> [WORK INSTRUCTION] In the records below, repeat exactly the lines between the line holding "- Replacing the" and the line holding "De Dutch Line", inclusive, and drop the pictures.

> [RECORDS FOR THE EXERCISE]
- - -

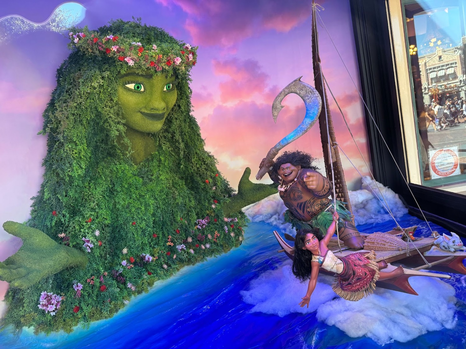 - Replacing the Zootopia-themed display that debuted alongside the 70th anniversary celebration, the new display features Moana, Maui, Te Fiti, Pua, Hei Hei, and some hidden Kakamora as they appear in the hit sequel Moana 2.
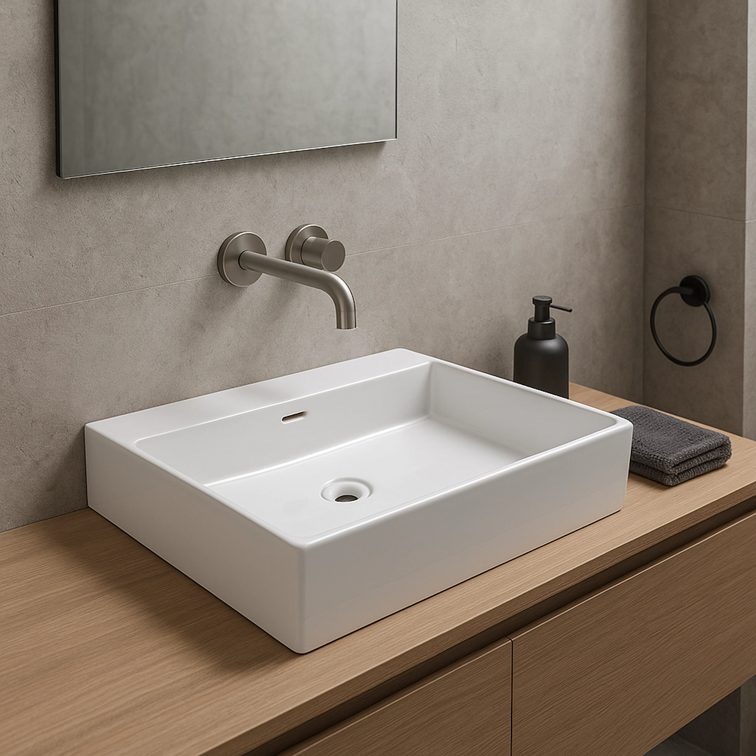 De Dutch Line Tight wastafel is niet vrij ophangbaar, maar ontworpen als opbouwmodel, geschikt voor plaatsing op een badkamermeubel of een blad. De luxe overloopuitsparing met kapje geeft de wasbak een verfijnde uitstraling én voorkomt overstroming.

- - -

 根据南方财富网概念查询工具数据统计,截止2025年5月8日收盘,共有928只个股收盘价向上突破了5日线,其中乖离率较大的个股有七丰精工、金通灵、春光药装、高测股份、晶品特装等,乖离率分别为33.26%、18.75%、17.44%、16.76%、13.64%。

- - -

> [RESPONSE]
 - Replacing the Zootopia-themed display that debuted alongside the 70th anniversary celebration, the new display features Moana, Maui, Te Fiti, Pua, Hei Hei, and some hidden Kakamora as they appear in the hit sequel Moana 2.
 De Dutch Line Tight wastafel is niet vrij ophangbaar, maar ontworpen als opbouwmodel, geschikt voor plaatsing op een badkamermeubel of een blad. De luxe overloopuitsparing met kapje geeft de wasbak een verfijnde uitstraling én voorkomt overstroming.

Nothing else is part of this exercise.